Due out 15 July 2021 from Salt Publishing

The Magician by Colm Tóibín

A fictional account of the complex life of Nobel Prize winner Thomas Mann. Publishers Simon and Schuster describe the book as “a stunning marriage of research and imagination. Tóibín explores the heart and mind of a writer whose gift is unparalleled and whose life is driven by a need to belong and the anguish of illicit desire. The Magician is an intimate, astonishingly complex portrait of Mann, his magnificent and complex wife Katia, and the times in which they lived—the first world war, the rise of Hitler, World War II, the Cold War, and exile. This is a man and a family fiercely engaged by the world, profoundly flawed, and unforgettable.

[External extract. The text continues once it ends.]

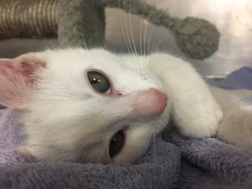 Snow is a pure white domestic short hair who is 100 miles an hour. Anything and everything and anything is a toy! When she does slow down, this little lady will lay on your lap and nap happily. Her purrs echo through the room like a motorbike engine. She is our longest standing kitty that needs a home. Snow has had no one interested! If you are willing to give Snow the opportunity to have a home then please contact us!

Released September 23, 2021

Case Study by Graeme Macrae Burnet

Burnet’s first novel His Bloody Project was a terrific read, ingeniously plotted and highly atmospheric book set in the 1860s. His new novel is set in the more modern world of London in 1965. An unworldly young woman believes that a charismatic psychotherapist, Collins Braithwaite, has driven her sister to suicide. Intent on confirming her suspicions, she assumes a false identity and presents herself to him as a client, recording her experiences in a series of notebooks. But she soon finds herself drawn into a world in which she can no longer be certain of anything. Even her own character.

Due for publication in October 2021 by Saraband

Crossroads by Jonathan Franzen

I’ve never read anything by Jonathan Franzen, but I couldn’t resist this latest novel purely because it’s part one of a trilogy called “A Key to All Mythologies” . That’s the subject of a long- laboured, unfinished project by the Reverend Casaubon in Middlemarch, my all time favourite novel. Details of Crossroads are skimpy at the moment, all we know it’s set in the American midwest which is home to the Hildebrandt family and will trace them through three generations.

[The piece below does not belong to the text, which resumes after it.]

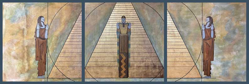On objectera qu’une fresque réduite à trois panneaux n’est plus l’immense page rêvée derrière l’Orient. C’est méconnaître la dynamique du symbole. Le symbole n’a pas besoin d’emporter le mur pour porter son sens. Il rayonne par tension plus que par extension. Ici, l’échelle resserrée concentre l’intensité : le triptyque devient un foyer, un athanor où la tradition s’actualise sans s’affadir. Cette économie des moyens relève d’une esthétique et d’une éthique : la beauté se tient dans la justesse, non dans la démesure. Le Temple, d’ailleurs, fut lui-même pensé dans cette rigueur : Art déco et Renaissance égyptienne, un alliage rare où la lisibilité structurelle est le vrai luxe. La main de Raoul Josset, sculpteur et compagnon des grands chantiers texans, a laissé dans la pierre cette leçon de tenue : forme accordée à la fonction, sobriété comme puissance maîtrisée. La fresque réapparaît comme la phrase qui manquait à cette syntaxe.

Due for publication October 5, 2021 by Fourth Estate

The Lincoln Highway by Amor Towles

Having loved A Gentleman in Moscow, the chance to read more by Towles was hard to resist. The Lincoln Highway is set in 1950s America where an eighteen-year-old boy returns to his Nebraska home having served a year at a work farm for involuntary manslaughter. He intends to collect his young brother and head to California to start a new life but his plans are thrown into disarray by the appearance of two friends from the work farm who have a very different destination in mind.

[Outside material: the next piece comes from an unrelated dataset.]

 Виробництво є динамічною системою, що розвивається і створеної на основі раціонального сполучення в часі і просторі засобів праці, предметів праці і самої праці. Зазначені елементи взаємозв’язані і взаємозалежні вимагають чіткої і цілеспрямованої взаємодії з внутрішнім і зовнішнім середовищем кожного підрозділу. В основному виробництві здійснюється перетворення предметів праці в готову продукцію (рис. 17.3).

Scheduled for publication October 5, 2021 from Hutchinson

The Ones That (Almost) Got Away

There are so many new books published every month that it’s hard to keep up. Here are five I missed when they were published but do want to read.

Fox Fires by Wyn Menmuir

Menmuir made the 2016 Booker longlist with his enigmatic novella The Many. His new novel about a lost girl and an unsettling city, sounds just as intriguing. Wren Lithgow has followed her concert pianist mother around the cities of Europe for almost two decades. When they arrive in the mysterious city-state of O, where Wren was conceived during a time of civil war, she resolves to find man she believes is her father.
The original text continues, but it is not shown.